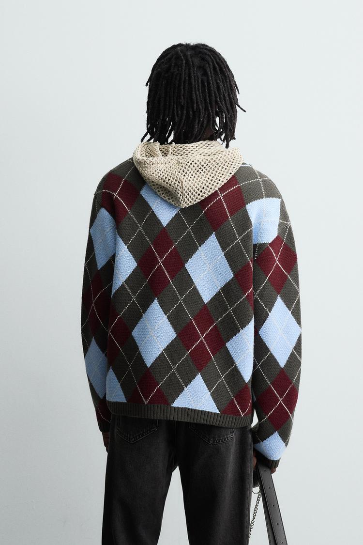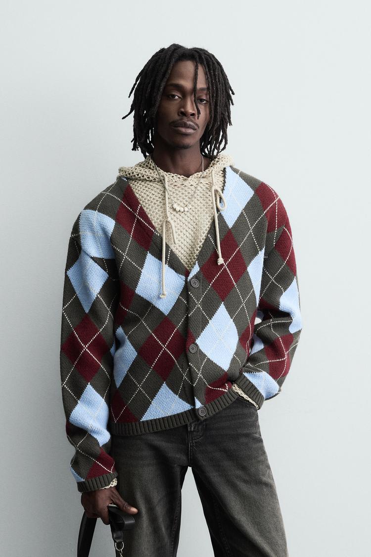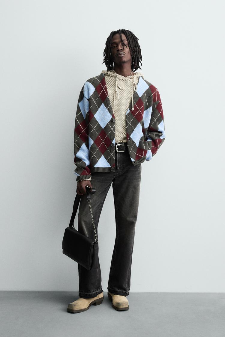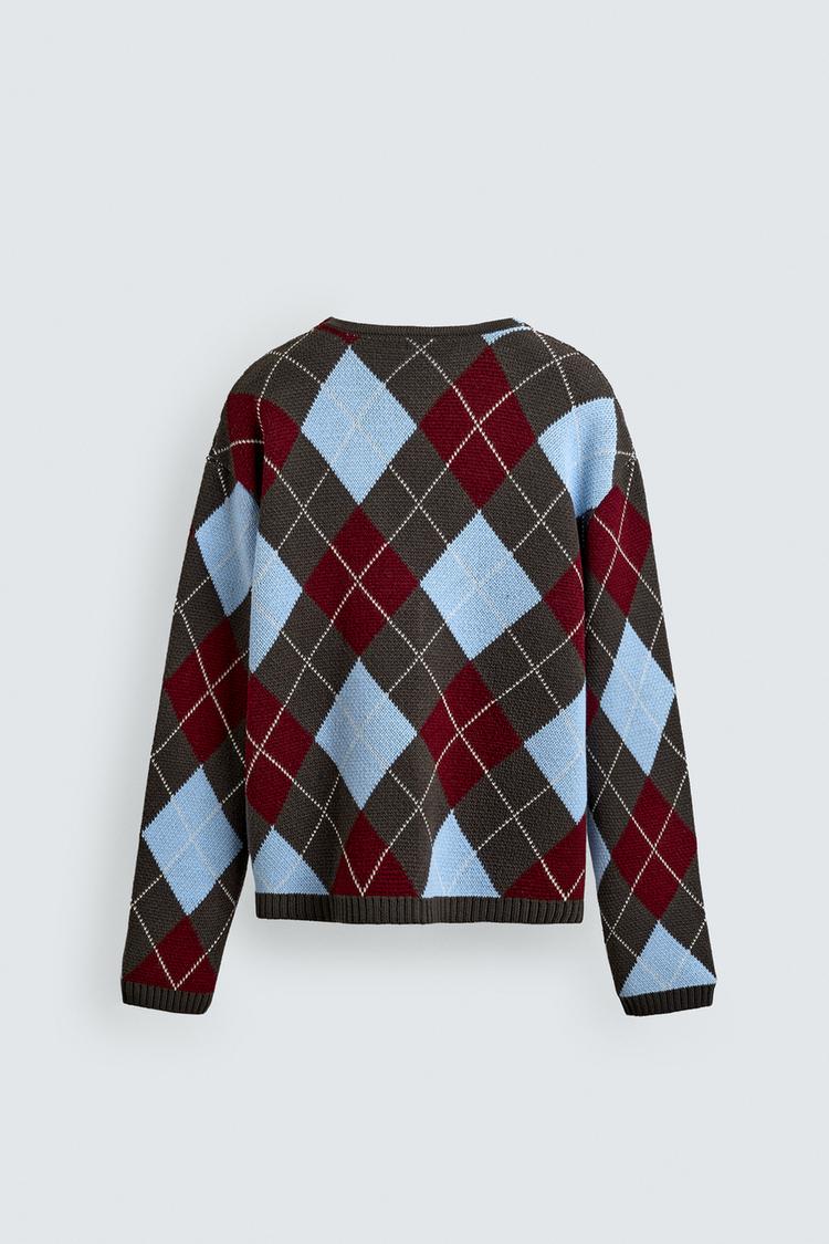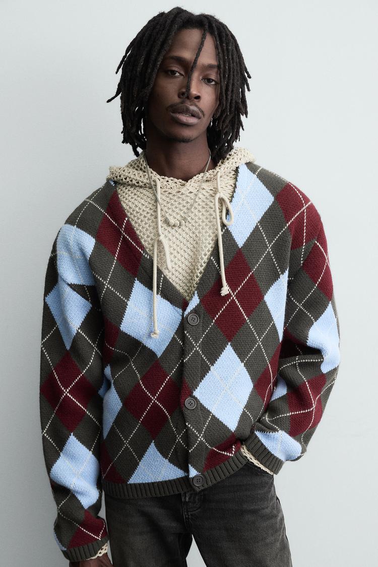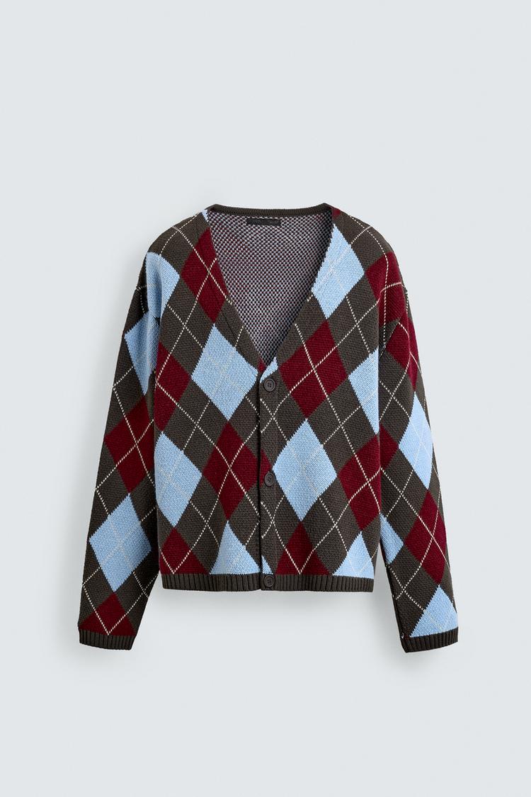 ZARA КАРДИГАН С УЗОРОМ "РОМБЫ", ШОКОЛАДНЫЙ
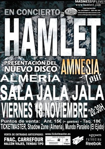 Con la edición de su décimo álbum de estudio, Hamlet se embarcaban en una nueva gira por salas del país, recalando una de las fechas en la ciudad de Almería. Echando la vista atrás en el tiempo, hace tan sólo unos años, los madrileños también habían estado en Almería con motivo de la gira del 15º aniversario, en concreto el viernes 11 de abril de 2008 en la ya extinta sala El Rockero, como ya tereseñé por aquí a su debido tiempo. Descargando también en ese mismo 2008 (el 9 de agosto) en tierras almerienses, en concreto en el IV Desierto Rock Festival de Tabernas, acompañados por bandas locales (13 Nombres, Sourain, Obsidium y Sweetlie). Y más próximo a la fecha que ahora reseñamos, el pasado 9 de julio formaban parte del Sputnik Festival 2011 en Huércal-Overa, con Narco, The Locos, Apeiron y Ska Tó Lógico.
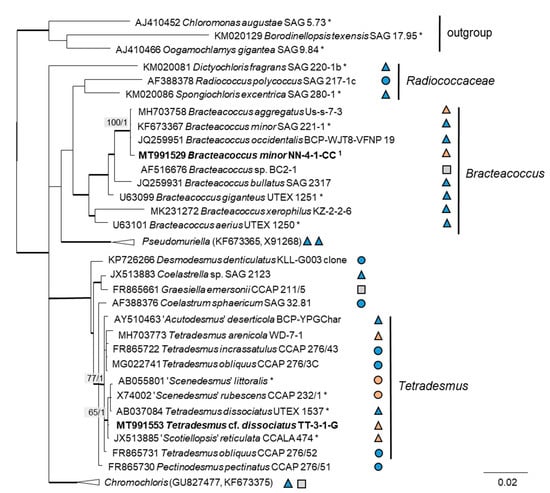 In order to define the original strains more precisely (to the species level), ITS-1,2 phylogenies of several Chlorophyta and cyanobacteria genera were calculated. Some original strains of the Sphaeropleales, Chlorophyceae, and Trebouxiophyceae clearly clustered in clades formed by known species: Bracteacoccus minor (Figure 7a), Pseudostichococcus monallantoides, Diplosphaera chodatii (Figure 8a), Chloroidium saccharophilum (Figure 9a), and Pseudochlorella signiensis (Figure 9c). A Tetradesmus strain clustered within the strongly supported group formed by several species perhaps representing the same taxon (“Scenedesmus” rubescens, “Scotiellopsis” reticulata, and Tetradesmus dissociatus (Figure 7b).
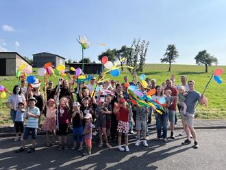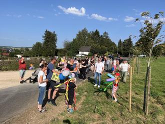 Am Samstag, dem 24.08.2024 fand am Ende der Schulstraße in Bodenbach, die feierliche Einweihung der Neugeborenenbäume statt. Dazu trafen sich zuvor alle Kinder, die in den letzten 10 Jahren geboren wurden, mit Ihren Familien im Bürgerhaus und bastelten tolle bunte Stöcke mit Luftballons und Krepppapier. Als jedes Kind mit seinem Stock zufrieden war, zogen alle gemeinsam in Richtung der neuen Baumallee. Dort angekommen begrüßte Ortsbürgermeister Thorsten Krämer alle Familien und weitere Bodenbacher Mitbürgerinnen und Mitbürger, die ebenfalls zu der kleinen Feierstunde gekommen waren. Jedes Kind übernahm eine Patenschaft für einen Baum, welcher mit dem jeweiligen Namen und Geburtsjahr versehen wurde. Dazu erhielt jeder kleine neue Pate eine entsprechende Urkunde. Es war sehr schön und beeindruckend zu sehen, wie stolz die Kinder auf Ihren Baum waren und teilweise dort einige Zeit verweilten.
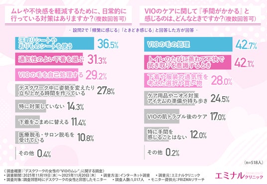【働く女性の2人に1人が実感するVIOのムレ】「かゆみ」や「におい」で集中力低下に悩む声、一方でVIO脱毛経験者の7割が「不快感の軽減を実感」
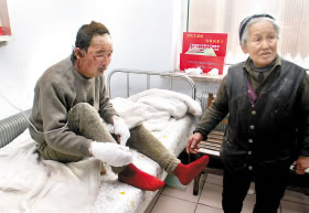 昨日,记者来到长春烧伤医院,见到了母子两人。42岁的崔某头部、面部、双手等处被烧伤,双手缠着厚厚的纱布。崔某83岁的母亲一直在病房内照顾儿子。
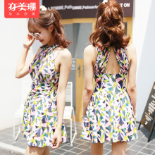 亦美珊温泉泳衣女 小胸聚拢分体保守遮肚显瘦 韩国学生裙式游泳衣
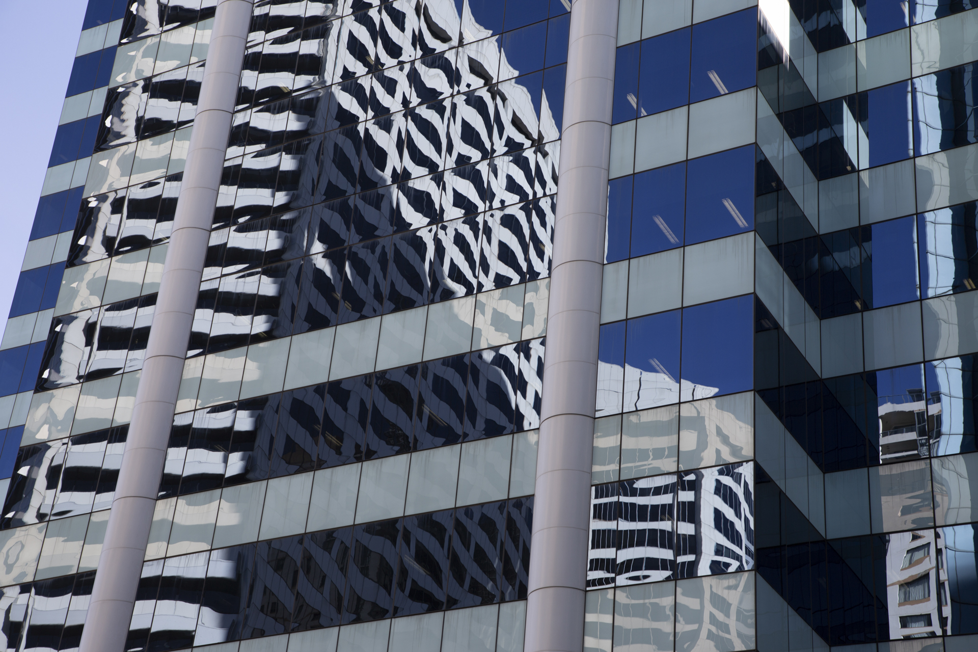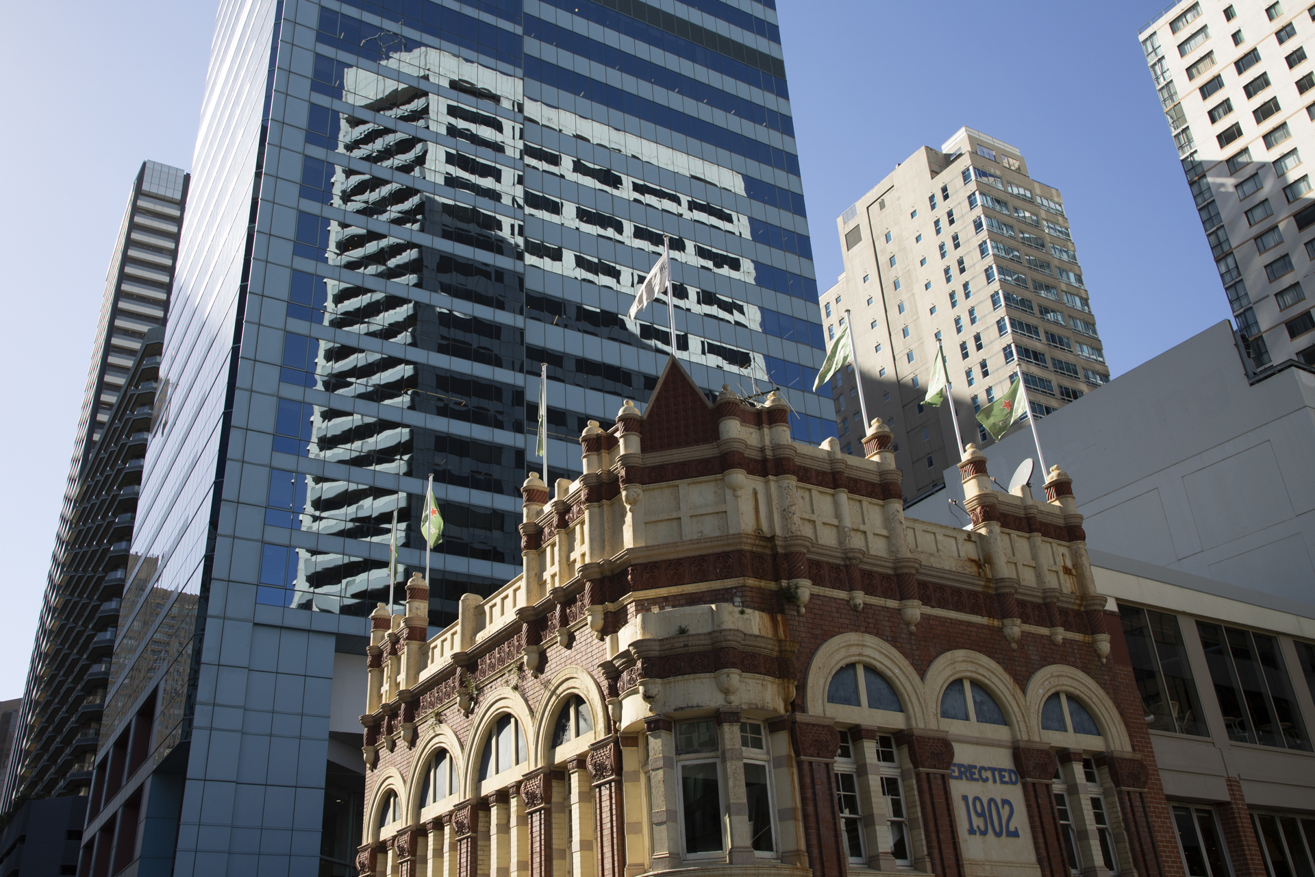 Als wir kurz nach 17:00 Uhr wieder aufbrachen, hatte sich der Himmel zugezogen. Wir streiften zwischen der George St. und der Pitt St. hin und her. Schauten in ehemalige Bankpaläste, die heute zwar moderne Geschäfte beherbergen, aber innen immer noch ihre alte Architektur behalten haben (und außen sowieso). Durchquerten das Foyer des Westin, bei dem der alte Eingangsbereich mit seiner Säulenfassade und dem Uhrturm innen übergeleitet wird in das moderne Hochhaus des Hotels. In einer Ecke auf einem kleinen Platz sagten wir dem Zeitungsleser Guten Tag (Ein auf einer Bank sitzender und Zeitung lesender seriös mit Anzug und Brille bekleideter Mann).
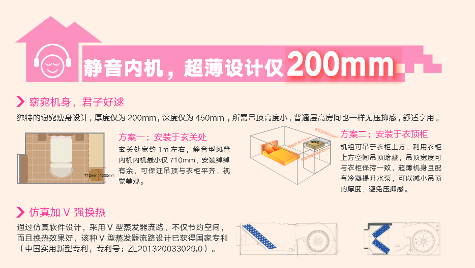 采用“V”型換熱器,開機初期,根據(jù)室內(nèi)溫度與設(shè)定溫度自動調(diào)節(jié)至高頻狀態(tài),縮短制冷或制熱時間,提升舒適度
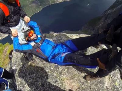 挪威一批定点跳伞爱好者作另类挑战
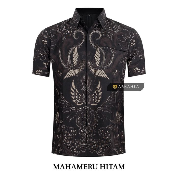 BATIK Motif MAHAMERU HITAM Hem Atasan Kemeja Baju Batik Pria Cowok Laki Laki Slimfit Full Lapis Furing Lengan Panjang
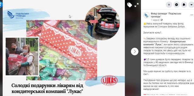 «Увесь минулий тиждень наш фонд працював як Солодка Фабрика Добра. Запитаєте чому? Завдяки солодкому вкладу від соціально-відповідального бізнесу - Кондитерська компанія «Лукас», ми мали змогу сформувати невеличкі пакунки солодощів для родин лікарів та лікарок, які увесь цей час були на передовій боротьби із коронавірусом. 3,5 тонн цукерок було передано лікарям та лікаркам у 46 медичних заклади міста Вінниці та Вінницької області», - йдеться у дописі Фонду.
========================================================================
▶ [Work task] Look back over the records above. Reproduce exactly everything from the line with "Als wir kurz" down to the line with "BATIK Motif MAHAMERU", inclusive, and leave the pictures out.

▶ [Result of this exercise]
 Als wir kurz nach 17:00 Uhr wieder aufbrachen, hatte sich der Himmel zugezogen. Wir streiften zwischen der George St. und der Pitt St. hin und her. Schauten in ehemalige Bankpaläste, die heute zwar moderne Geschäfte beherbergen, aber innen immer noch ihre alte Architektur behalten haben (und außen sowieso). Durchquerten das Foyer des Westin, bei dem der alte Eingangsbereich mit seiner Säulenfassade und dem Uhrturm innen übergeleitet wird in das moderne Hochhaus des Hotels. In einer Ecke auf einem kleinen Platz sagten wir dem Zeitungsleser Guten Tag (Ein auf einer Bank sitzender und Zeitung lesender seriös mit Anzug und Brille bekleideter Mann).
 采用“V”型換熱器,開機初期,根據(jù)室內(nèi)溫度與設(shè)定溫度自動調(diào)節(jié)至高頻狀態(tài),縮短制冷或制熱時間,提升舒適度
 挪威一批定点跳伞爱好者作另类挑战
 BATIK Motif MAHAMERU HITAM Hem Atasan Kemeja Baju Batik Pria Cowok Laki Laki Slimfit Full Lapis Furing Lengan Panjang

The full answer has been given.